EKV in Belgrade 1989; Photo exhibition, Goranka Matić
EKV in Belgrade 1989; Photo exhibition, Goranka Matićphoto: D. Dedović

I return home thoughtful. Knez Mihailova is teeming with the world. On the corner of Rajićeva, trumpeters decorated with banknotes exaltedly play "Đurđevdan". A young woman, similar to the Magi, raises her hands and dances to the music. The trumpets beat the melancholy.

While I'm writing, I'm listening to EKV. I repeat "When I start to" more than once. Then I listen once again to the interview that the late Alek Budimlić conducted with Magi in 1987. So I'm listening to music again.
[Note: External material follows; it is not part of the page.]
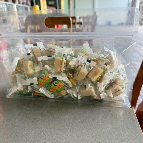 Kẹo dừa có hương vị ngọt ngào, thơm lừng từ dừa, kết hợp với độ mềm mịn của sữa và đường, tạo ra một món ăn vặt hấp dẫn và dễ ăn.

I ask myself, how is it possible that a human being who possessed such inner beauty, modesty, education, intelligence; that such a talented woman, excellent in every way, ends up in the Center for the Homeless. Of course, we know the banal truth - by all accounts, an exceptional musical heroine, like many before her, was taken away by the evil heroin. Couldn't she get away with it? Dušan Vesić's book "Magi - like it used to be" gives some answers. Authoritarian mother who separated her from music, never treated epilepsy, futile search for salvation in Indian spiritual practices, never treated addiction. Peca Popović correctly wrote that Magi is "the most beautiful and tragic requiem written on the Belgrade asphalt".

At the Kalemegdan exhibition, I saw lovely and shining moments of that life. Between them, through the deep shadows in the park, darkness crawled here and there, sucking in the Magi. Or was it just a play of light and shadows on a May day.